» **Task brief**
This task calls for the lines below starting at the one containing "また、世界中でどれほど多くの" and ending at the one containing "6月5日,滬指小幅高開,午后", repeated exactly with both ends kept and pictures left out.

» **Data to examine**
________

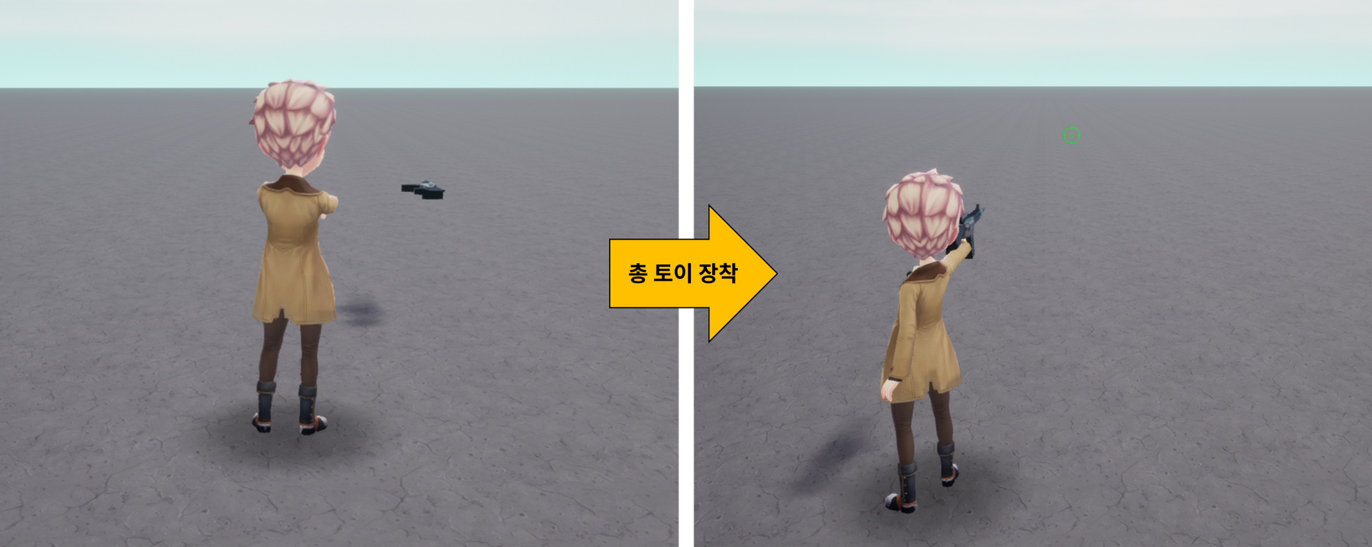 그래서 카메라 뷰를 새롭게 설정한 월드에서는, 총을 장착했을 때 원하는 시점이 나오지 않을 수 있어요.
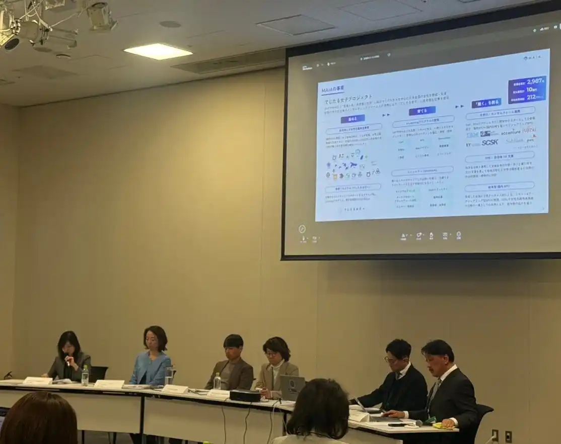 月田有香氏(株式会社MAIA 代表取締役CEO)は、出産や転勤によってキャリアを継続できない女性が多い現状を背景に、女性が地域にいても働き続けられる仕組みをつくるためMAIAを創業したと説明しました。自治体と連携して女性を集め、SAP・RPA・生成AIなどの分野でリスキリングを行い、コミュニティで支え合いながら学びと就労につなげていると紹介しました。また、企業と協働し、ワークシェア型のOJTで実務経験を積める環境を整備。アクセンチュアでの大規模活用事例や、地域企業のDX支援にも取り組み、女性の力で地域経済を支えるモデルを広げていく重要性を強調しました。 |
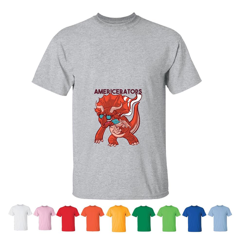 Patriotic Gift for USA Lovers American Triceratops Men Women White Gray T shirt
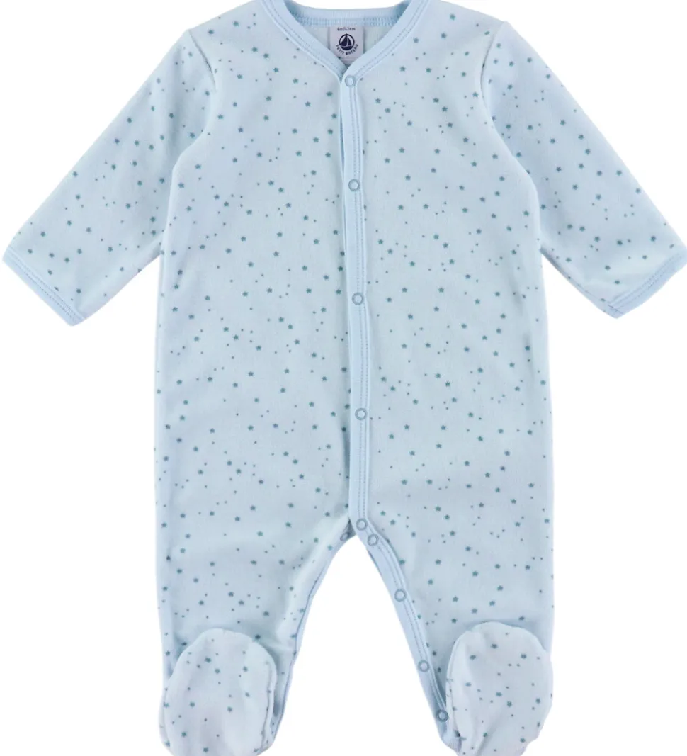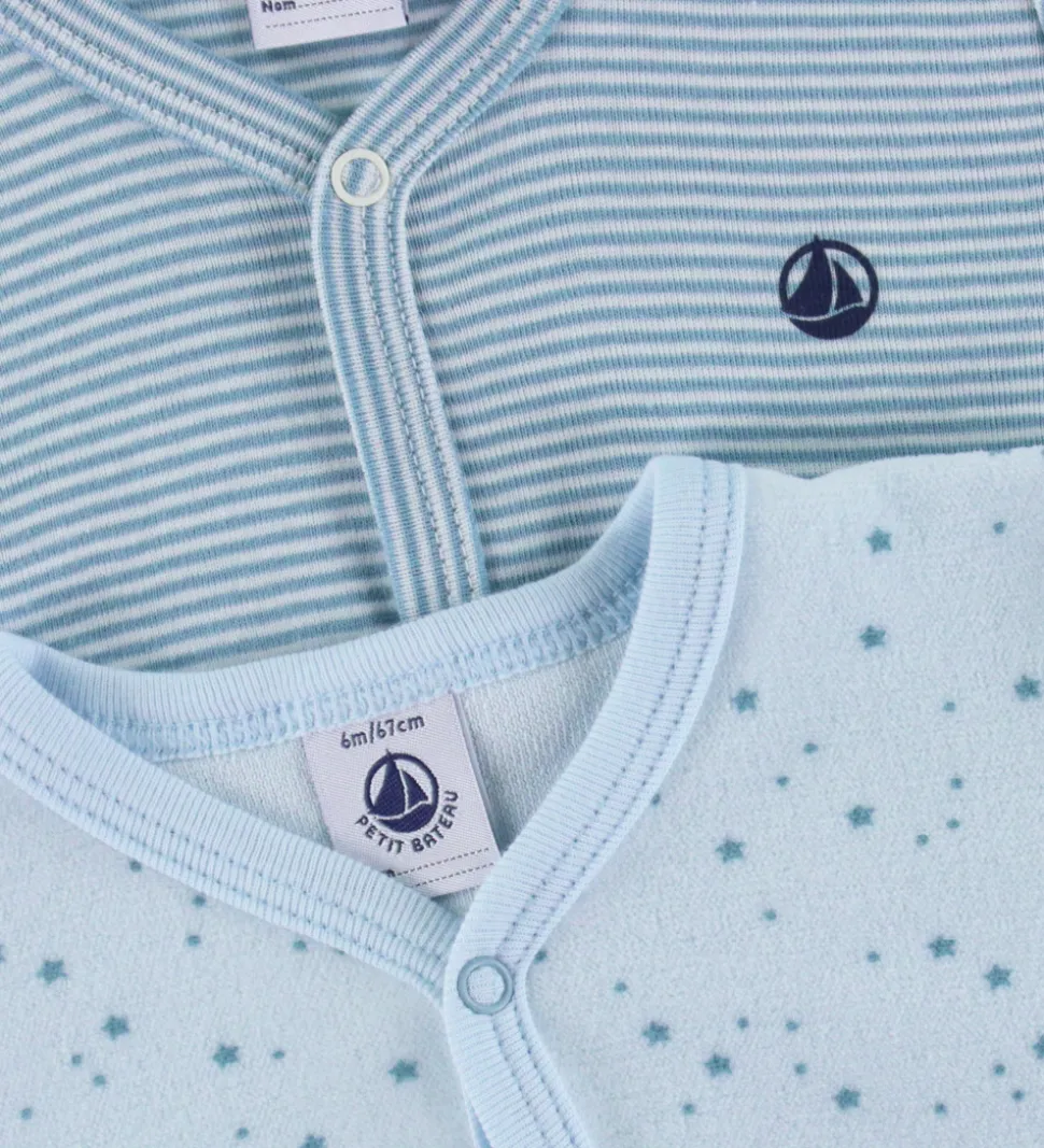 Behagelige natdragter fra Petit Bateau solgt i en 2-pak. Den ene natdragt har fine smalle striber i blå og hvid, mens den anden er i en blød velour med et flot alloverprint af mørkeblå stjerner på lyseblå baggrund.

________

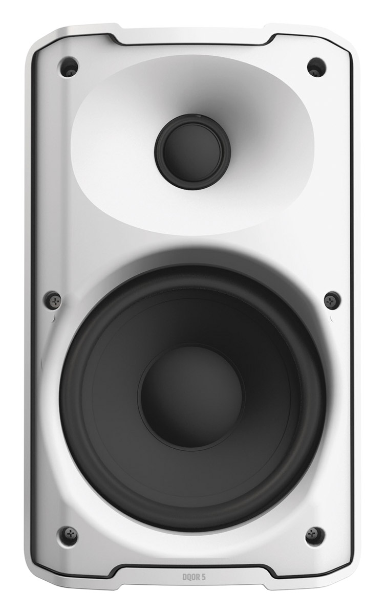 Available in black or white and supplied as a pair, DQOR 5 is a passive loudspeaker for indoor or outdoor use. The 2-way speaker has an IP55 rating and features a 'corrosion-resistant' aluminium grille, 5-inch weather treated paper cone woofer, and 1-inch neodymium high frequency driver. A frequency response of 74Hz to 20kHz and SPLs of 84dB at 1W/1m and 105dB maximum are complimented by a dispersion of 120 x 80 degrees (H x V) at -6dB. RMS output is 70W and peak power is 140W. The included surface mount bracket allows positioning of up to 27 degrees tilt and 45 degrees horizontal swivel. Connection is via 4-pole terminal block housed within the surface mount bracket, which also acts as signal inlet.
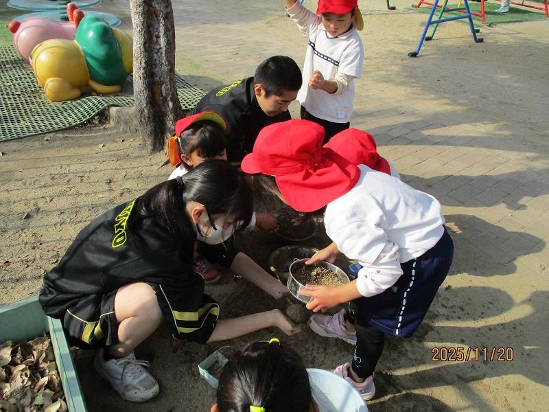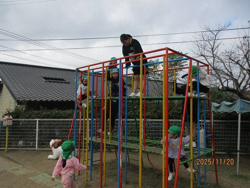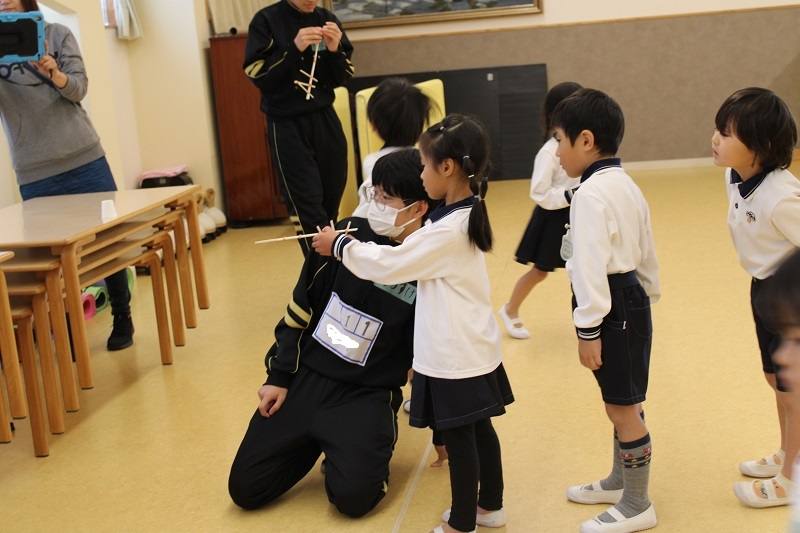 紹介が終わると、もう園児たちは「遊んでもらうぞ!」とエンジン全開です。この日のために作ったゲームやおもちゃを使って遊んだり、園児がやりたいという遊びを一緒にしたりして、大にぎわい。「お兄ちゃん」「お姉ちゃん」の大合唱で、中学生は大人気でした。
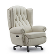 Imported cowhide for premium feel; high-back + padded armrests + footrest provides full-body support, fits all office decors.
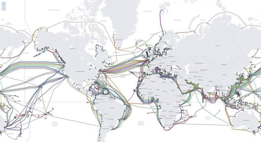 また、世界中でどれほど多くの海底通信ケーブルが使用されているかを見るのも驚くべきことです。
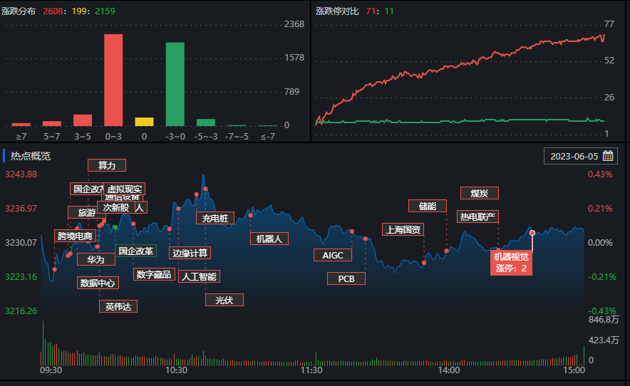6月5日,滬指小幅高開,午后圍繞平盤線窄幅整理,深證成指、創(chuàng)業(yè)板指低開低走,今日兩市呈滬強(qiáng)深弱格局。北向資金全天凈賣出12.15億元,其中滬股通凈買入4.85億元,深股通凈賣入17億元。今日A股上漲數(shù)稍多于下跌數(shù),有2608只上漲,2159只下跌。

________

» **Answer space**
 また、世界中でどれほど多くの海底通信ケーブルが使用されているかを見るのも驚くべきことです。
6月5日,滬指小幅高開,午后圍繞平盤線窄幅整理,深證成指、創(chuàng)業(yè)板指低開低走,今日兩市呈滬強(qiáng)深弱格局。北向資金全天凈賣出12.15億元,其中滬股通凈買入4.85億元,深股通凈賣入17億元。今日A股上漲數(shù)稍多于下跌數(shù),有2608只上漲,2159只下跌。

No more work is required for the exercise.